Create src/services/notification.service.ts:

typescript
import { messaging } from "../config/firebase";

interface SendParams {
  tokens: string[];
  title: string;
  body: string;
  data?: Record<string, string>;
}

export async function sendNotification({
  tokens,
  title,
  body,
  data = {},
}: SendParams) {
  if (!tokens.length) return;

  const response = await messaging.sendEachForMulticast({
    tokens,
    notification: {
      title,
      body,
    },
    data: {
      ...data,
      title,
      body,
    },
    android: {
      priority: "high" as const,
    },
    apns: {
      payload: {
        aps: { sound: "default" },
      },
      fcmOptions: {
        imageUrl: data.imageUrl,
      },
    },
  });

  console.log("FCM response", response.successCount, "/", response.responses.length);
  return response;
}

Important: notification is used for the visible title/body. data is for custom key-value pairs (all values must be strings) that your app can read when the notification is opened.

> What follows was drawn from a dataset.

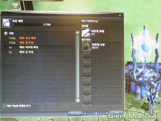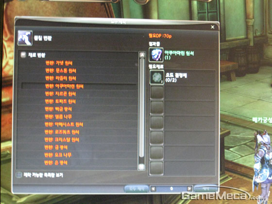 제작 인터페이스에서 가장 눈에띄게 바뀐 부분은 인터페이스 자체의 "크기"였습니다. 목록에 나열되는 갯수는 조금 줄었지만(기존의 19줄→15줄), 공간을 넓게 쓰는만큼 좀 더 큰 크기의 폰트를 사용하여 가독성이 증가했습니다. 또한 목록에 표시되는 제작가능 종류의 색깔이 현재 캐릭터의 제작 숙련도에 따라 색깔이 바뀌는 점과, 이름 앞에 숙련도 표시가 추가되어 이제 더이상 직접 클릭하지 않고 목록만 봐도 해당 도안의 숙련도를 좀 더 쉽게 알 수 있다는 점에서 유저 편의성의 증가가 눈에 띄었습니다.

We include title/body in data as well so the app can use them in background/data-only scenarios.

Handle failed tokens: loop over response.responses and where success = false==, remove that token from your user record (e.g. invalid or uninstalled app).

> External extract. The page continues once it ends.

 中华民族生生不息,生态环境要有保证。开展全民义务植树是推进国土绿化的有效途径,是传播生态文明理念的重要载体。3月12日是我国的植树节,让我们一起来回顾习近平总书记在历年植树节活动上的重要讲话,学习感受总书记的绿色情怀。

Step 7 — Sending a Notification from Your Code

Wherever you need to send a push (e.g. after an order is placed, or a new message is created), load the user's fcmToken and call the service:

typescript
import { sendNotification } from "./services/notification.service";

// Example: after creating an order
const user = await User.findById(order.userId);
if (user?.fcmToken) {
  await sendNotification({
    tokens: [user.fcmToken],
    title: "Order confirmed",
    body: `Your order #${order.id} has been placed.`,
    data: { orderId: order.id, screen: "OrderDetail" },
  });
}

For multiple users, collect all non-null fcmToken values and pass them as tokens. Always check for null/empty tokens before calling sendNotification.

File Structure Summary

text
your-nodejs-project/
├── firebase-service-account.json     # Do not commit
├── src/
│   ├── config/
│   │   └── firebase.ts               # Initialize admin, export messaging
│   ├── services/
│   │   └── notification.service.ts  # sendNotification()
│   ├── controllers/
│   │   └── user.controller.ts        # saveFCMToken
│   └── routes/
│       └── user.routes.ts            # POST /users/fcm-token
├── .gitignore                        # Include firebase-service-account.json
└── package.json

Handling Invalid or Expired Tokens

FCM tokens can become invalid (user uninstalled the app, token rotated, etc.). Use the sendEachForMulticast response to clean up:

typescript
const response = await messaging.sendEachForMulticast({ tokens, notification, data });

response.responses.forEach((resp, idx) => {
  if (!resp.success && resp.error?.code === "messaging/invalid-registration-token") {
    const badToken = tokens[idx];
    // Remove badToken from user document(s) in DB
    await User.updateMany({ fcmToken: badToken }, { $set: { fcmToken: null } });
  }
});

Testing End-to-End

1) Run your Node.js server with firebase-service-account.json in place. 2) From your React Native app, get the FCM token and call POST /api/users/fcm-token with it. 3) Trigger a send (e.g. from a test route or after a real action) and confirm the notification appears on the device. 4) For iOS, ensure your APNs key is uploaded in Firebase; for Android, ensure google-services.json is configured.

Recap

You've set up: secure storage of the Firebase service account key, an fcm_token field on users and an API to save the token from the app, Firebase Admin initialization in src/config/firebase.ts, and a sendNotification service that sends to one or many tokens with sendEachForMulticast. Together with Part 1, your Node.js backend can now send push notifications to iOS and Android devices on demand.